Activity
Please repeat the records beneath this task exactly as they appear, but skip the images.

[Records from a dataset]
········

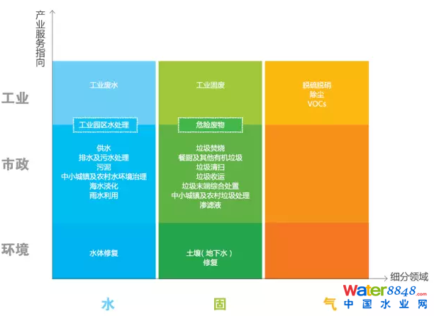 一個(gè)主要原因就是我們細(xì)分領(lǐng)域非常的復(fù)雜,E20提供一個(gè)九宮格分析方法,雖然不符合產(chǎn)業(yè)的分類。比如說我們這兩維,一個(gè)是水固氣,一個(gè)是工業(yè)與工業(yè)之物的市場(chǎng),一個(gè)是市場(chǎng)服務(wù)的市場(chǎng),還有一個(gè)是環(huán)境修復(fù)和環(huán)境維護(hù)為主要目標(biāo)的市場(chǎng)。在這個(gè)橫軸上的水固氣,其實(shí)可以通過他們每一個(gè)污染介質(zhì),或者污染媒介的特性掌握他在產(chǎn)業(yè)中的企業(yè),主要面對(duì)的或者這些技術(shù)所要面對(duì)的問題。比如大氣領(lǐng)域,很難對(duì)大氣直接進(jìn)行修復(fù)。一般存在的項(xiàng)目都是在我們右上角工業(yè)處理,他服務(wù)主要是EPC還有一個(gè)工程設(shè)備的空間。
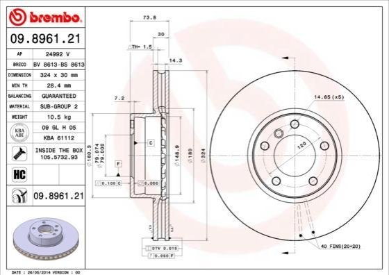 Гальмівний диск BREMBO 09.8961.21
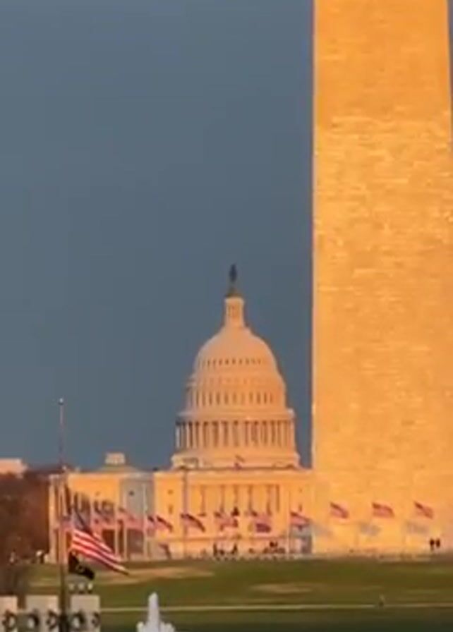 Washington Monument and U.S. Capitol Building from across the reflecting pool. The camera slowly zooms out from a close up of the buildings, and in the background people can be seen walking along a walkway. The monuments reflect in the water. The sky is dark gray.
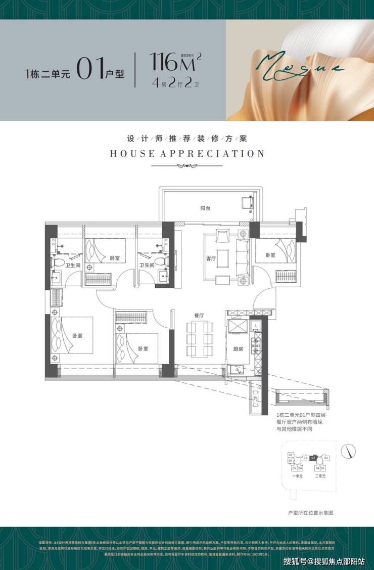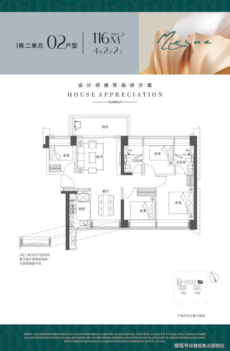 户型面积布局02116平四房两厅两卫
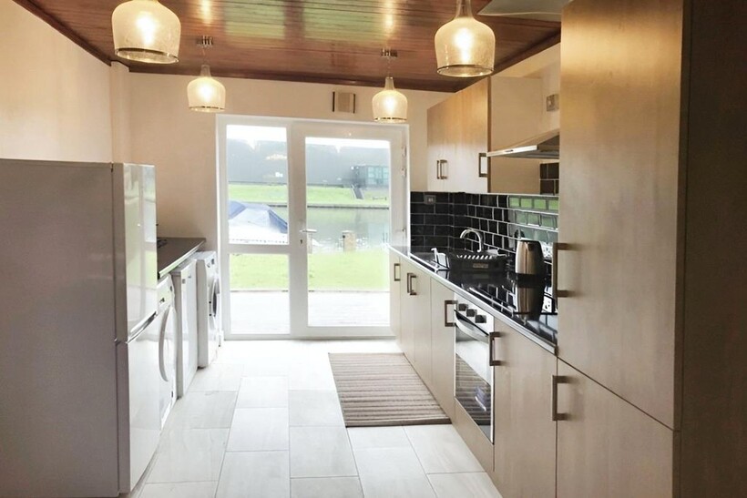 There is a modern, fully equipped kitchen with tumble dryer, dishwasher, fridge, freezer, washing machine and all home ware provided.
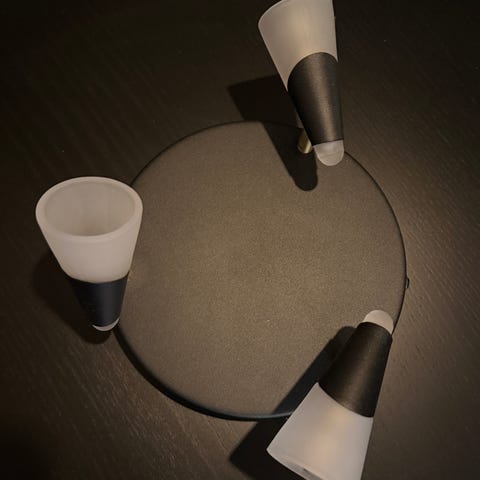 Selger en brukt taklampe. I daglig bruk så fungerer og demonteres ved salg.
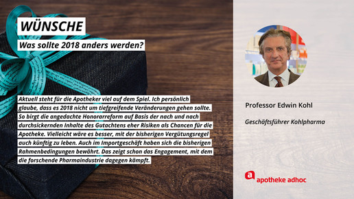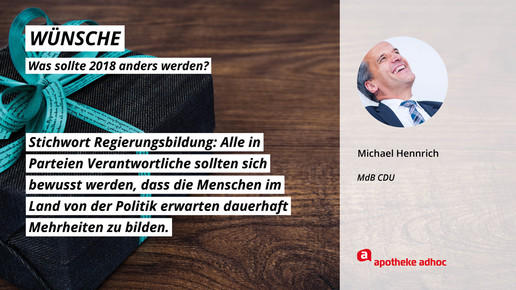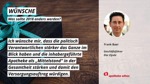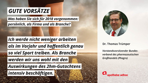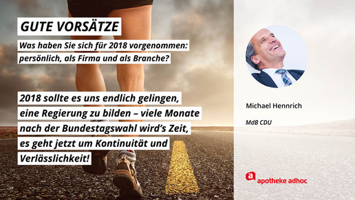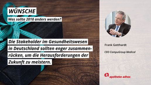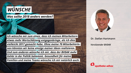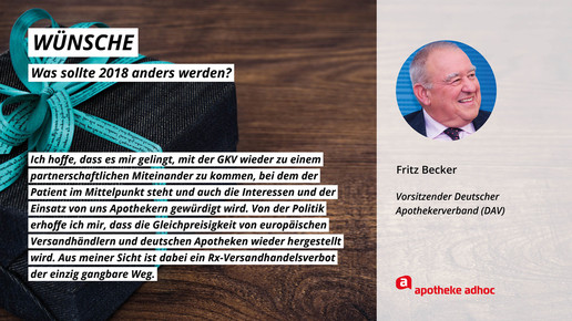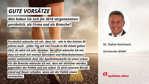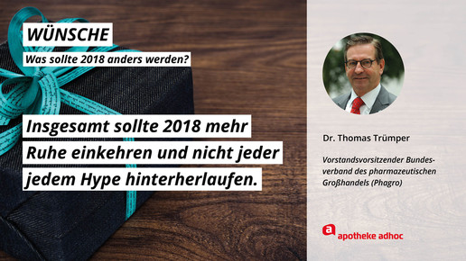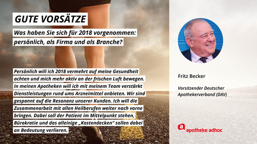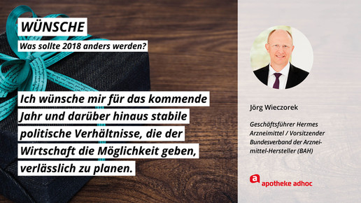 Was sich die führenden Köpfe der Branche für 2018 wünschen und was ihre Ziele und guten Vorsätze sind, haben sie APOTHEKE ADHOC für den Jahresausblick verraten.
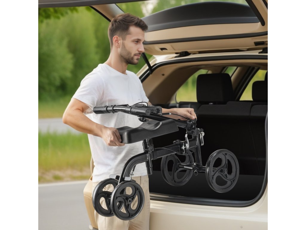 Térdre szerelhető roller, acélváz, állítható kormány, terepjáró kerekek
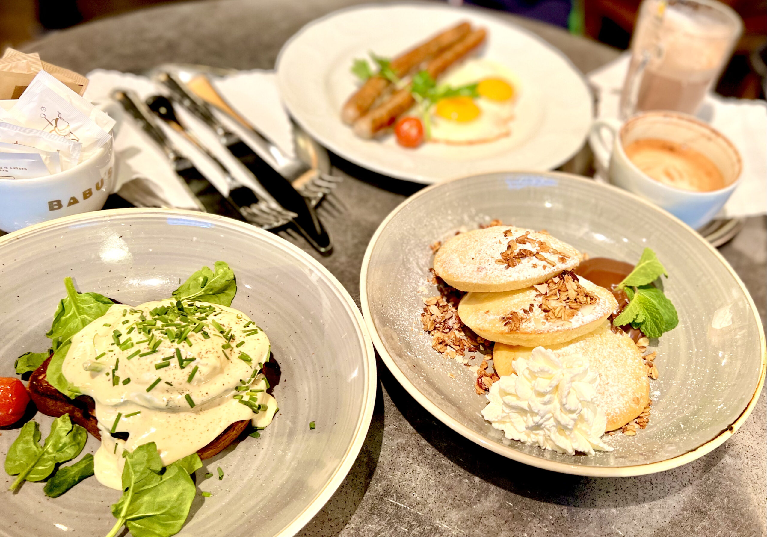 Le coffee shop, boulangerie, et brunch coffee Babu’s est un classique du brunch à Zurich, définitivement un immanquable pour les serials bruncheurs et bruncheuses. Il y a de tout et pour tous les goûts. Je trouve personnellement le service toujours un peu lent (pressés s’abstenir) mais cela vaut le détour. Il faut absolument réserver pour espérer passer un moment gourmand ici. On adore le décor un peu comme chez mamie avec des plats servis dans une vaisselle à l’ancienne et des brunchs présentés sur des plateaux à étages vintage hyper choux! Les pancakes et les cinamonrolls sont incroyables! C’est assez cher comme tout à Zurich.

········

Final answer
 一個(gè)主要原因就是我們細(xì)分領(lǐng)域非常的復(fù)雜,E20提供一個(gè)九宮格分析方法,雖然不符合產(chǎn)業(yè)的分類。比如說我們這兩維,一個(gè)是水固氣,一個(gè)是工業(yè)與工業(yè)之物的市場(chǎng),一個(gè)是市場(chǎng)服務(wù)的市場(chǎng),還有一個(gè)是環(huán)境修復(fù)和環(huán)境維護(hù)為主要目標(biāo)的市場(chǎng)。在這個(gè)橫軸上的水固氣,其實(shí)可以通過他們每一個(gè)污染介質(zhì),或者污染媒介的特性掌握他在產(chǎn)業(yè)中的企業(yè),主要面對(duì)的或者這些技術(shù)所要面對(duì)的問題。比如大氣領(lǐng)域,很難對(duì)大氣直接進(jìn)行修復(fù)。一般存在的項(xiàng)目都是在我們右上角工業(yè)處理,他服務(wù)主要是EPC還有一個(gè)工程設(shè)備的空間。
 Гальмівний диск BREMBO 09.8961.21
 Washington Monument and U.S. Capitol Building from across the reflecting pool. The camera slowly zooms out from a close up of the buildings, and in the background people can be seen walking along a walkway. The monuments reflect in the water. The sky is dark gray.
 户型面积布局02116平四房两厅两卫
 There is a modern, fully equipped kitchen with tumble dryer, dishwasher, fridge, freezer, washing machine and all home ware provided.
 Selger en brukt taklampe. I daglig bruk så fungerer og demonteres ved salg.
 Was sich die führenden Köpfe der Branche für 2018 wünschen und was ihre Ziele und guten Vorsätze sind, haben sie APOTHEKE ADHOC für den Jahresausblick verraten.
 Térdre szerelhető roller, acélváz, állítható kormány, terepjáró kerekek
 Le coffee shop, boulangerie, et brunch coffee Babu’s est un classique du brunch à Zurich, définitivement un immanquable pour les serials bruncheurs et bruncheuses. Il y a de tout et pour tous les goûts. Je trouve personnellement le service toujours un peu lent (pressés s’abstenir) mais cela vaut le détour. Il faut absolument réserver pour espérer passer un moment gourmand ici. On adore le décor un peu comme chez mamie avec des plats servis dans une vaisselle à l’ancienne et des brunchs présentés sur des plateaux à étages vintage hyper choux! Les pancakes et les cinamonrolls sont incroyables! C’est assez cher comme tout à Zurich.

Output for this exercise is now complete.